Segundo este documento promulgado por papa Pio XII, não são quaisquer impedimentos que não são obstáculo para um cardeal eleger ou ser eleito papa, mas tão somente os impedimentos eclesiásticos. O parágrafo 34 do decreto referido afirma: "…aut alius ecclesiastici impedimenti praetextu".

Isso porque há impedimentos e excomunhões (anátemas) que são provenientes não apenas de direito eclesiástico, mas também de Direito Divino (cf. tópico "Impedimentos Canônicos" - "Canonical Impediments", da Catholic Encyclopedia-1917, que diz: "The impediment, in other words, the restriction or suppression of the juridical capacity of the agent, may arise from natural laws from Divine law, or from human law, ecclesiastical or civil". – "O impedimento, noutras palavras, a restrição ou supressão da capacidade jurídica do agente, pode advir de leis naturais, da lei Divina ou da lei humana, [seja] eclesiástica ou civil") – e a Igreja sobre estes últimos impedimentos não possui poder algum, dado que ela mesma é submissa ao Senhor e à sua Lei, e não o contrário.

Sabendo também que a Igreja nos ensina que nem mesmo o papa – o possuidor do maior cargo dentro da Santa Madre Igreja Católica – é isento de se submeter em tudo ao Direito Divino (cf. Papa Pio IX, Denzinger-Hünermann 3114), e sabendo que por Direito Divino os heréticos são privados da possibilidade de receberem quaisquer cargos na Santa Madre Igreja Católica Apostólica Romana, (cf. tópico "Impedimentos Canônicos" - "Canonical Impediments", da Catholic Encyclopedia-1917, que diz: "A heretic, (...) is incapable of acquiring spiritual jurisdiction" – "Um herético (...) é incapaz de receber jurisdição espiritual". Vide também M.Coronata, no "Institutiones Juris Canonici", 1:312.: "What is required by divine law for this appointment.… For validity it is also required that the person appointed be a member of the Church. Heretics and apostates - at least public ones - are therefore excluded." – "O que é requerido pela lei divina para esta designação… Para a validade é necessário que a pessoa designada seja um membro da Igreja. Heréticos e apóstatas – pelo menos aqueles públicos – são conseqüentemente excluídos". Vide ainda P. Maroto, "Institutiones Iuris Canonici", 2:784 – “Heretics and schismatics are barred from the Supreme Pontificate by the divine law itself" – "Heréticos e cismáticos são barrados do Sumo Pontificado pela lei Divina mesma") ainda mais propriamente o sumo pontificado, a patência dessa falácia pseudotradicionalista mostra-se em toda sua desprezível falsidade.

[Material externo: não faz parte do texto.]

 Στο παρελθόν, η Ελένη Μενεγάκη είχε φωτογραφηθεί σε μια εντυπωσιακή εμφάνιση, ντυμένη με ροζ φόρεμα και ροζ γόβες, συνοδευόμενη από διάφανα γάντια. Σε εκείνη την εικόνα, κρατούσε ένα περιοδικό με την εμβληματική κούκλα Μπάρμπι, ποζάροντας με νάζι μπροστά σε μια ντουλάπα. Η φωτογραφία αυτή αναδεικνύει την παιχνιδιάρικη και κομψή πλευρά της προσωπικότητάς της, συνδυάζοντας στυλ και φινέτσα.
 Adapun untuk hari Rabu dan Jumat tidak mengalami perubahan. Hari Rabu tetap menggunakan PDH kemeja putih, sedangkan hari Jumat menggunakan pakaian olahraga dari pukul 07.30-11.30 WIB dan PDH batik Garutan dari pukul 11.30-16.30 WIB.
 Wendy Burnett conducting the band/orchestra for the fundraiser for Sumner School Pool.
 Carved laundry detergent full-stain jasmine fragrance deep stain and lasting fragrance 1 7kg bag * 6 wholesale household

Isso que afirmamos não é arbitrário: está manifesto de modo cristalino no Direito da Igreja. No cânone 2314 do "Código de Direito Canônico" (1917), §1 - "Todos os apóstatas da fé cristã e todos e cada um dos hereges e cismáticos: 1º Incorrem ipso facto em excomunhão".

Também no Sagrado Magistério da Igreja – coativo a todas as consciências dos católicos em matéria de Magistério Ordinário Universal – está explícito tal ensinamento. Na "Mystici Corporis" §22, Pio XII ensina-nos que os "Nem todos os pecados, embora graves, são de sua natureza tais que separem o homem do corpo da Igreja como fazem os cismas, a heresia e a apostasia". E na "Satis Cognitum" de Leão XIII, §37, está escrito claramente: "É absurdo que presida na Igreja quem está fora dela". Nas Sagradas Escrituras também encontramos passagens referentes a essa verdade de Direito Divino (Tit 3,10-11; Gal 1,8-9; 2 Cor 6,14-18; Jo 3,18; 2 Jo 10-11), bem como nos decretos do 3º e 5º Concílios Ecumênicos da Igreja Católica (Éfeso e II de Constantinopla).

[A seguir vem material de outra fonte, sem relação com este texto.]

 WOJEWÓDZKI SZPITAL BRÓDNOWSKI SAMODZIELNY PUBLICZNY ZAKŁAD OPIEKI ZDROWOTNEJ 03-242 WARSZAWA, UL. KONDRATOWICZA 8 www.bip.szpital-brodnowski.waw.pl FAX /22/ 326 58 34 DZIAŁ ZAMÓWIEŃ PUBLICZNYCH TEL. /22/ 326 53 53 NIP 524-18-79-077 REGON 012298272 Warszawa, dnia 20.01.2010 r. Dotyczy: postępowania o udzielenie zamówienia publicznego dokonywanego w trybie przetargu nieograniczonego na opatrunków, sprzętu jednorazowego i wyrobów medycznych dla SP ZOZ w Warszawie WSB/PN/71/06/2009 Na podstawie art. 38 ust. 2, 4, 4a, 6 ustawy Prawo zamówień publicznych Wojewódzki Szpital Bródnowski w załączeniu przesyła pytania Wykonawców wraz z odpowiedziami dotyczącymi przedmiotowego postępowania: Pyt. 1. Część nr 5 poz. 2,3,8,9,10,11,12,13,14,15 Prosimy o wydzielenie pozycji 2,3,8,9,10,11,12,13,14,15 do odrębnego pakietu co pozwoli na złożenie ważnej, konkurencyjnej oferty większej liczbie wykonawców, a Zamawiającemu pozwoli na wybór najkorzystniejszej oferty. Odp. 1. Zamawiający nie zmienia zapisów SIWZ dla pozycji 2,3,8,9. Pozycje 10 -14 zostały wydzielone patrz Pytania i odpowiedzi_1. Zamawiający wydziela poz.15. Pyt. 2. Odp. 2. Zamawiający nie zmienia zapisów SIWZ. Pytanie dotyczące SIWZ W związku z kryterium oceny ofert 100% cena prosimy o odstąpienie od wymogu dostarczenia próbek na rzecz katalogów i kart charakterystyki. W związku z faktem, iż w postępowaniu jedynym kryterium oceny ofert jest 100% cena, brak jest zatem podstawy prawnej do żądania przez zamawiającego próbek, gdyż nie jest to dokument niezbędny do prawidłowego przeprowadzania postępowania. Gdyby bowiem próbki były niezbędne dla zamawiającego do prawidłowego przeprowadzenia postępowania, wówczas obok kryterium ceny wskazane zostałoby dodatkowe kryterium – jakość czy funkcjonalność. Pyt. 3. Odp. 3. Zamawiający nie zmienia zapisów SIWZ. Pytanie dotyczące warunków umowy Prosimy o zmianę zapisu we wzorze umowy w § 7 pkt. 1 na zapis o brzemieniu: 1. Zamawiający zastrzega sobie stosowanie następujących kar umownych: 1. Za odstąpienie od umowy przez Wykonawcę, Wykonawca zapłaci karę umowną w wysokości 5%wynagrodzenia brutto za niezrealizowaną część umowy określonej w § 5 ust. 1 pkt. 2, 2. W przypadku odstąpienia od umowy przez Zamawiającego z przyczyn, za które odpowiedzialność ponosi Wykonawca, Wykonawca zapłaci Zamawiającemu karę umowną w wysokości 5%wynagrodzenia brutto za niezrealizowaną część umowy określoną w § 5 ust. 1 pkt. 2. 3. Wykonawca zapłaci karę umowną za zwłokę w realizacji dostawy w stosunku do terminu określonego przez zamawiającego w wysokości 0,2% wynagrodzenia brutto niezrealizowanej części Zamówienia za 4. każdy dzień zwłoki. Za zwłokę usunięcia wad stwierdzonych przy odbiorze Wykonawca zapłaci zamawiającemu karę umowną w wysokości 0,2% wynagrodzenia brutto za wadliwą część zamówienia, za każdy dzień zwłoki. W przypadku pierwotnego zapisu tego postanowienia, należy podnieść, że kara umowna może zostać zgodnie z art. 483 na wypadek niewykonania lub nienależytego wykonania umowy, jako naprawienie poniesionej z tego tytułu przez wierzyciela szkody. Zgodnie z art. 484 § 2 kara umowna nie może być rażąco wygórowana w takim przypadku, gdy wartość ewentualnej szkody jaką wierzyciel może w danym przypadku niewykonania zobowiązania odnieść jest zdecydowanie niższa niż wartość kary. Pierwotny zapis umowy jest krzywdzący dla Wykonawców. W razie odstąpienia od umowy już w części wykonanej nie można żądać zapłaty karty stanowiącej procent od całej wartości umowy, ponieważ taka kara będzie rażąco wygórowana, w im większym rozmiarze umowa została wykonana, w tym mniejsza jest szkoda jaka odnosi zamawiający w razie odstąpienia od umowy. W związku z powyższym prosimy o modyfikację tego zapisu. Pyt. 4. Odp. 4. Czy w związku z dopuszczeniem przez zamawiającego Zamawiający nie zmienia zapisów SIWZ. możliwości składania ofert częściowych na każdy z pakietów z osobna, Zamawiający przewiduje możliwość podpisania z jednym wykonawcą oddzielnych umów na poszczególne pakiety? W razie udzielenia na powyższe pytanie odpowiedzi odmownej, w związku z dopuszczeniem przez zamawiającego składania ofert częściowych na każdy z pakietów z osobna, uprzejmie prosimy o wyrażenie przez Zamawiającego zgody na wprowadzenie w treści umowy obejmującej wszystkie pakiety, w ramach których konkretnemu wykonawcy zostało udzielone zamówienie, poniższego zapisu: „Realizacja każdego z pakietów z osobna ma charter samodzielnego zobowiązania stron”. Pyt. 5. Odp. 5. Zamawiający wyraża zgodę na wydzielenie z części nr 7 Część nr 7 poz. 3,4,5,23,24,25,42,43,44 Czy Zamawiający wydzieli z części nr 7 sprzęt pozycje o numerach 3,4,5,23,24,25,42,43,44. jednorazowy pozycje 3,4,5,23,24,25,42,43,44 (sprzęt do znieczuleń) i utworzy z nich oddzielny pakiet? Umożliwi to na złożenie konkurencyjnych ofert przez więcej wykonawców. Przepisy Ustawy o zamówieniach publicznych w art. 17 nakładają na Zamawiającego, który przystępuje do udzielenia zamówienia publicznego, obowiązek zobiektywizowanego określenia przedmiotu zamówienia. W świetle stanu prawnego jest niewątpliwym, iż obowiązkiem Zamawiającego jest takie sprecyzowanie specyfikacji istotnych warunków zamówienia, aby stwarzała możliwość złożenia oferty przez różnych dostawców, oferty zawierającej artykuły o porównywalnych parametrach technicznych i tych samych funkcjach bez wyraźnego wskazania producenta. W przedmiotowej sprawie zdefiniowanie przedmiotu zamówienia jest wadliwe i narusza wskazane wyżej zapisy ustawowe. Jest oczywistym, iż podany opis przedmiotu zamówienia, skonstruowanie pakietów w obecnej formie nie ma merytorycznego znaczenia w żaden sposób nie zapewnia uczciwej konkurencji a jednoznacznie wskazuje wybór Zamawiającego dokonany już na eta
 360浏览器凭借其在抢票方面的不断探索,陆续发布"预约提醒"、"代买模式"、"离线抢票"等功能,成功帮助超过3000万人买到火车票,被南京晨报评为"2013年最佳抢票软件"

É evidente isso também quando analisamos a estrutura da Santa Madre Igreja por meio de uma perspectiva sociológica, usando a força da sã razão humana.

A Igreja Católica é uma sociedade de fé, de instituição Divina. Para se fazer parte dela, deve-se crer e agir conforme aquilo que é necessário e essencial à pertença nela – só que aquilo que é necessário crer e fazer para pertencer à Igreja não está totalmente sob o poder dela: há determinadas normas que sim (as excomunhões de direito eclesiástico, que a Igreja mesma estabeleceu), e outras que não (as excomunhões de Direito Divino, diante das quais a Igreja apenas se submete). Sabendo que um herético é aquele indivíduo que nega ao menos uma das proposições que devem ser cridas ou realizadas pelos integrantes dessa sociedade, evidentemente a partir do momento em que um dos membros da Igreja se torna um herege, ele se exclui do grupo social desta.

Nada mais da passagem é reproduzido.